Un pasaje en la novela Travesuras de la niña mala, de Vargas Llosa, arroja luz –como a menudo lo hace la literatura, por encima del periodismo light y la comunicación apresurada– sobre el Brexit: que la salida no fue tanto una reacción inédita al reciente proyecto europeo, impulsada por una epidemia neopopulista internacional, sino la última materialización de una vieja emoción.

El narrador se encuentra en Londres a mediados de los años sesenta:

“Una mañana… abrí y me encontré con media docena de muchachos rapados al coco, que llevaban botas comando, pantalones cortos y casacas de cuero de corte militar, algunos de ellos con cruces y medallas guerreras en el pecho. Me preguntaron por el pub Swag and Tails, que estaba a la vuelta de la esquina. Fueron los primeros skin heads que vi. Desde entonces, esas pandillas aparecían de cuando en cuando por el barrio, a veces armados de garrotes, y los benignos hippies que habían extendido en las veredas sus mantas para vender sus chucherías artesanales tenían que salir volando, algunos con sus criaturas en los brazos, porque los skin heads les profesaban un odio cerril. No era sólo un odio a su modo de vida sino también clasista, porque esos matones, jugando a los SS, procedían de sectores obreros y marginales y encarnaban su propio tipo de rebelión. Se convirtieron en las fuerzas de choque de un partido minúsculo, el National Front, racista, que pedía la expulsión de los negros de Inglaterra. Su ídolo era Enoch Powell, un parlamentario conservador que, en un discurso que causó revuelo, había profetizado de manera apocalíptica que ‘correrían ríos de sangre en Gran Bretaña’ si no se atajaba la migración.”

El Brexit no es, como muchos creen, insignia de un supuesto movimiento global neopopulista de signo contagioso.

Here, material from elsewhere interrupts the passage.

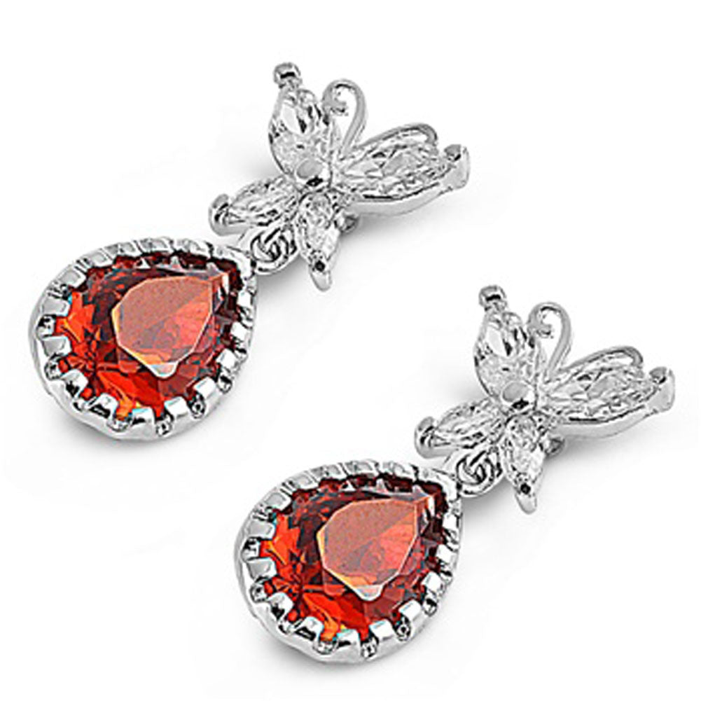 Teardrop Hanging Earrings Simulated Garnet Clear Simulated CZ .925 Sterling Silver

Anclada en el antiquísimo y fundacional sentimiento insular ingles, la semilla que produjo el Brexit ya había germinado en los sesenta como una reacción al cosmopolitismo hippie de la posguerra, algunos de cuyos máximos valores fueron precisamente el multiculturalismo y la migración. Por supuesto, los skin heads a los que alude Vargas Llosa son una expresión extrema de ello, pero también una indicación de las predisposiciones nacionalistas y racistas que habitaban en la isla desde mucho antes. El progresismo de los sesenta, liberal y democrático (aunque en ocasiones anticapitalista), fue recibido desde el inicio con animadversión. ¿Qué rechazaban? La incertidumbre que supone la libertad: otras razas, otras culturas, otras ideas. ¿Cuál es su contraparte? La tradición segura: Dios, tierra y rey, como dice el lema conservador de los tories.

Bueno, pues resulta que los jóvenes reaccionarios de aquella ola son exactamente los viejos que hoy votaron por la desintegración. El Brexit no es, como muchos creen, insignia de un supuesto movimiento global neopopulista de signo contagioso, sino el berrinche local de una generación frustrada, cuyos demonios ya se habían revelado (y rebelado) antes, aunque esta vez con consecuencias más serias. No se trata ni de una crisis internacional de la democracia liberal, como se teme impulsivamente, ni mucho menos del fin del capitalismo o la globalización. Existen símiles con el disparate trumpista y demás dislates, sí, pero como exposiciones demagógicas nacionales, no como frentes de una corriente ideológica que pretenda –o pueda– replicarse en todo el mundo. Por eso la derecha fracasó en Austria y en Holanda y muy posiblemente lo haga en Francia y Alemania.

Con esa referencia, podemos deducir lo siguiente: 1. Que, aunque retrógrado, el Brexit fue catártico en cierto sentido, pues canalizó (momentáneamente) una energía reprimida de tiempo atrás, y acaso evitó, o al menos postergó, que corrieran esos “ríos de sangre” que vaticinaba Powell; 2. Que esta demagogia inglesa no es el inicio de un efecto dominó que, como el comunismo soviético, amenace seriamente a la libertad mundial, aunque tenga consecuencias indudablemente serias que al menos conminen a la Unión Europea; 3. Que lamentablemente y para terminar, no es una expresión pasajera; que cuando muera esta generación de viejos reaccionarios, no lo hará también el sentimiento insular inglés, tan recurrente en los siglos, como lo desvela –otra vez– la literatura, en Stevenson, Defoe, Conan Doyle, Kipling, etc; con toda seguridad, en algún momento, de una forma u otra, se volverá a expresar.